The NHS is “creaking at the seams” with problems spreading from A&E units to other parts of hospitals, forcing patients to wait longer for cancer treatment and planned operations, ministers are warned on Thursday.
The health service is under such pressure that it is now in a critical state and services are stretched to the limit, according to the King’s Fund’s latest assessment of NHS performance.
The influential thinktank’s withering analysis of the decline in the ability to meet key waiting-time targets and its worsening financial state says the NHS is struggling to cope with the growing demand for care and an unprecedented squeeze on its budget.
The recent deterioration is so serious that it is increasing the risk of a full-blown health service crisis, the fund says.
Dr Mark Porter, the leader of the British Medical Association (BMA), said hospitals were under such strain that some patients who have been waiting weeks or even months for surgery are having it cancelled just before they are taken into theatre.
The King’s Fund reached its stark conclusions after analysing an array of data indicating how the NHS in England fared in the last three months of 2014.
Prof John Appleby, the fund’s chief economist, said: “While recent attention has focused on the problems faced by A&E units, performance against waiting time targets and other indicators has continued to worsen.
“Taken together, the findings from this quarter’s report show that services are stretched to the limit.
“With financial problems also endemic among hospitals, and staff morale a significant cause for concern, the situation is now critical.”
Doctors’ and nurses’ leaders said the findings in the latest King’s Fund quarterly overview of the NHS, underscored their concerns about the service.
Porter, chair of council at the BMA, said that A&E units’ failure to hit their key waiting-time target of treating 95% of arrivals within four hours reflected the “wider pressures” being felt across other services.
“Every part of the system – from general practice, to hospitals, to community care – is struggling to keep up with demand, leaving some patients facing unacceptable delays for treatment.”
Dr Peter Carter, chief executive of the Royal College of Nursing, said: “The NHS is struggling and stretched far too thinly.”
The thinktank had found “a lack of investment, poor workforce planning and fragmented services have affected patients across the whole NHS”, he added.
The King’s Fund also found that:
The NHS had received just 0.8% more money in real terms year-on-year, but was seeing bigger rises in the numbers of patients turning up at A&E (up 1.8%), having planned surgery (2.8%) and needing to be admitted as an emergency (1.8%).

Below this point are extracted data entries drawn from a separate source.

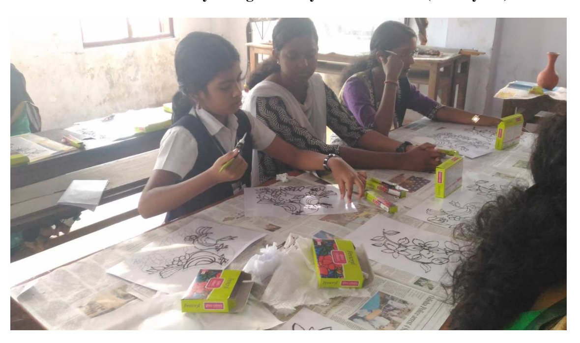
Painting class organized in association with Womens forum
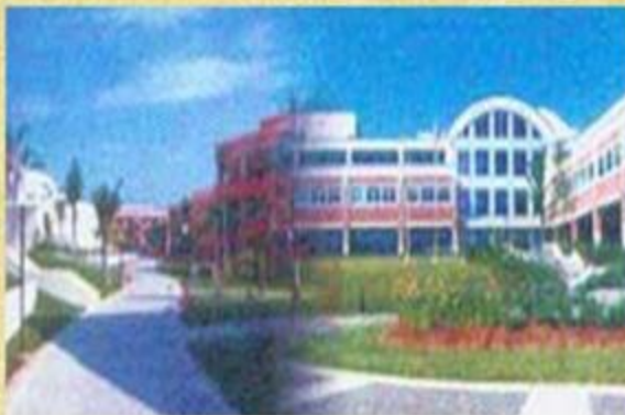
Hi-Tech City, Jaipur
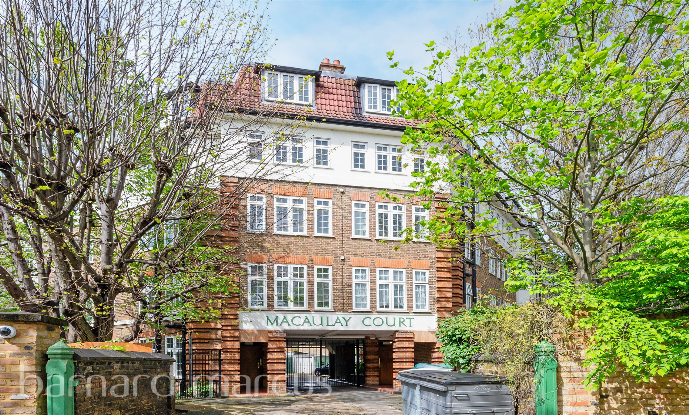
Macaulay Court Macaulay Road, London SW4 0QU
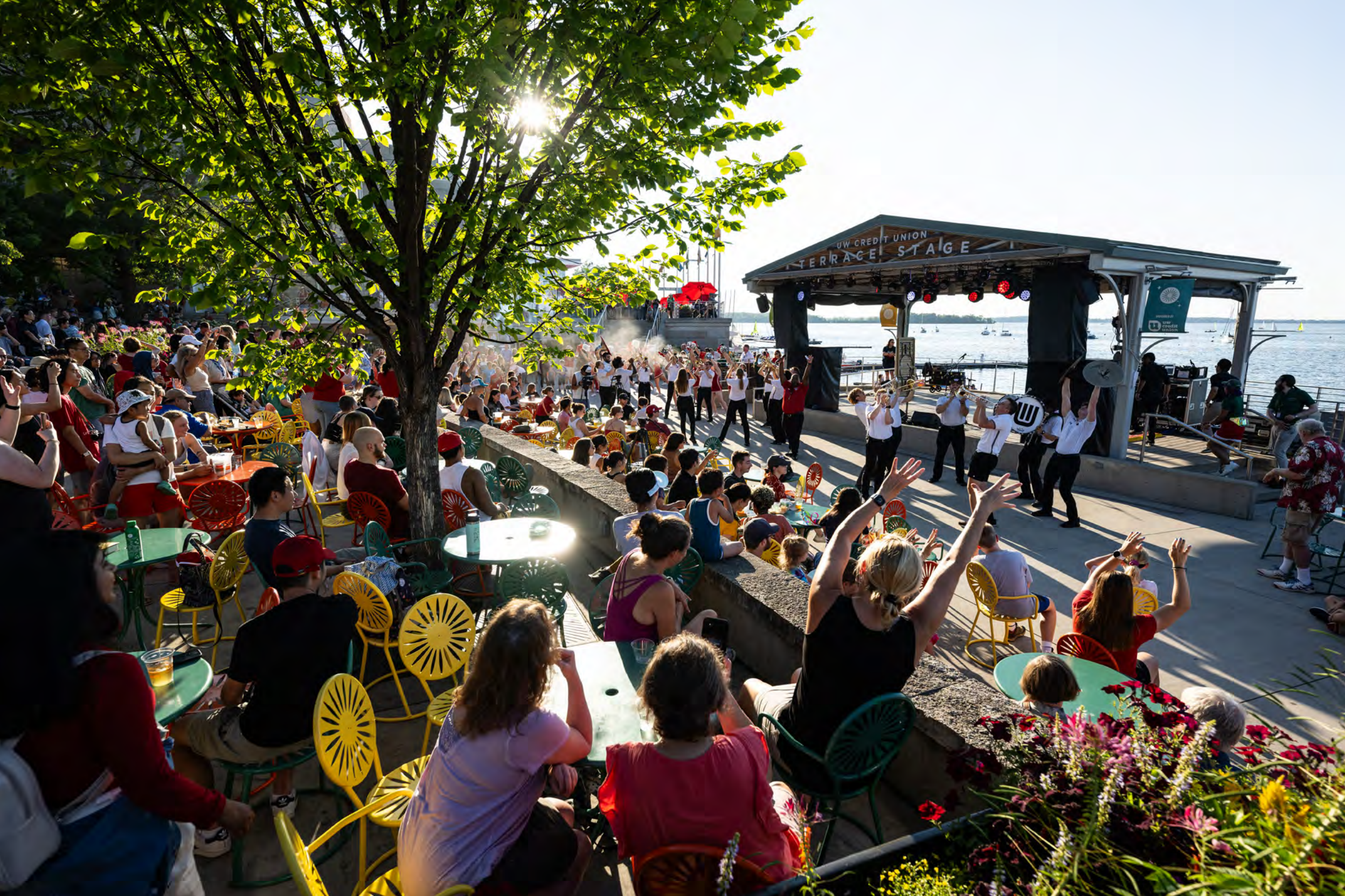
Community members dance along with the UW Spirit Squad, UW mascot Bucky Badger, and members of the UW Marching Band during UW-Madison's 175th Anniversary Launch Day Celebration at the Memorial Union Terrace.
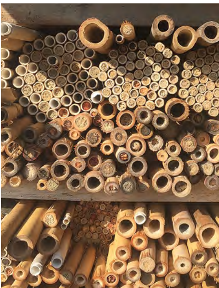
Example bee hotel designs using bamboo, wood blocks, and cardboard tubes.
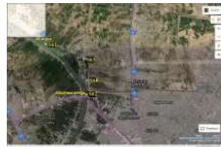
Figure 1: Map of study area and Selected sites ( www.bing.com/maps , 2022).
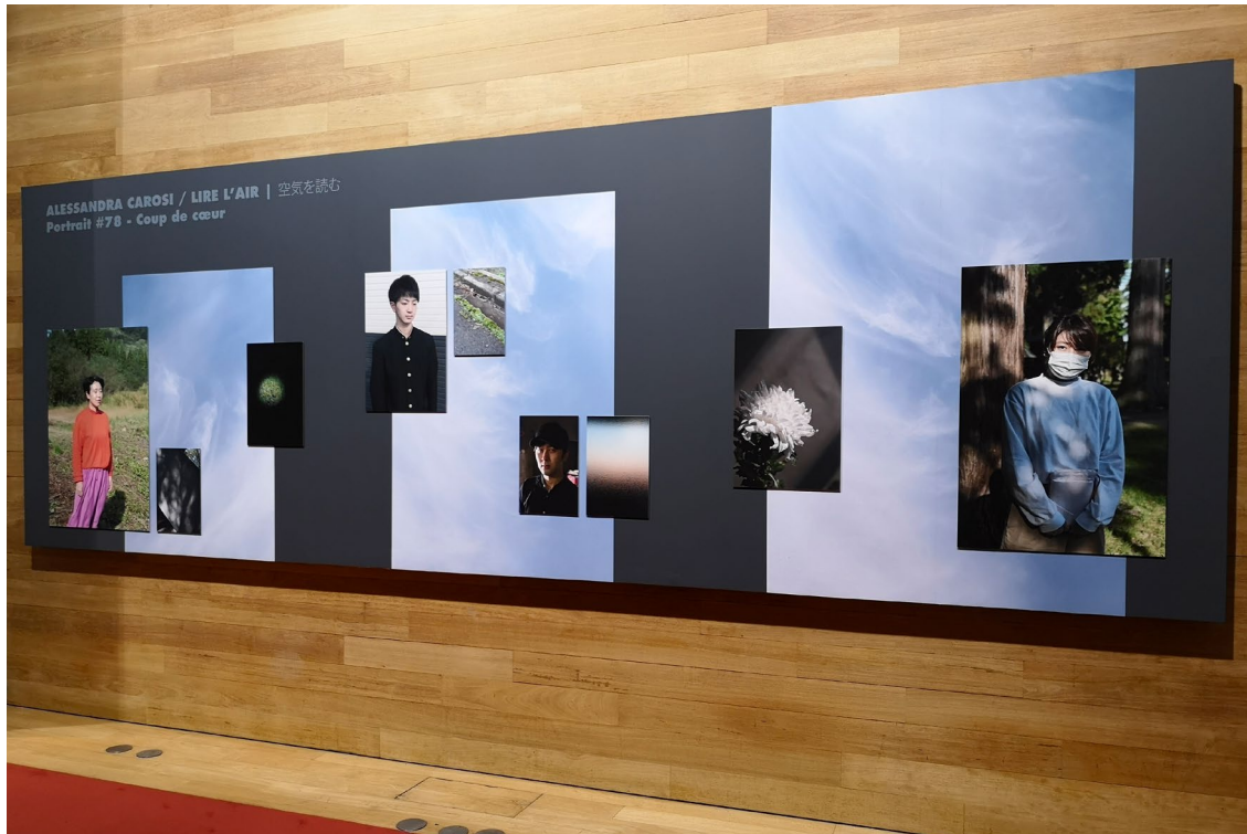
La Bourse du Talent, Bibliothèque National de France, BnF, december 2019, Paris, France 3 wallpaper prints, 9 fine art prints on aluminium of different dimensions, total dimension 180x600 cm

More than 5,000 hospital beds a day are now occupied by patients who are medically fit to go, deepening bed shortages and making it harder to admit patients arriving through A&E.
The number of operations cancelled due to bed shortages was recently a third higher than a year previously.
Separate research by the thinktank among finance directors of NHS organisations revealed that 60% of NHS trusts are relying on bailouts from the Department of Health or using their reserves in order to stay afloat, and that next year’s financial picture looks even worse.
Despite the King’s Fund’s gloomy prognosis the health department simply reiterated that it had given the NHS extra money to cope with this winter.
“The NHS is busier than ever which is why we have given almost £1bn this year for almost 800 more doctors, 4,700 more nurses, 6,400 more beds and treatment for an extra 100,000 patients”, said a spokeswoman.
“We are backing the NHS’s plan for the future and have provided an extra £2bn in funding next year to transform out of hospital care and expect trusts to have strong financial grip to help achieve this.”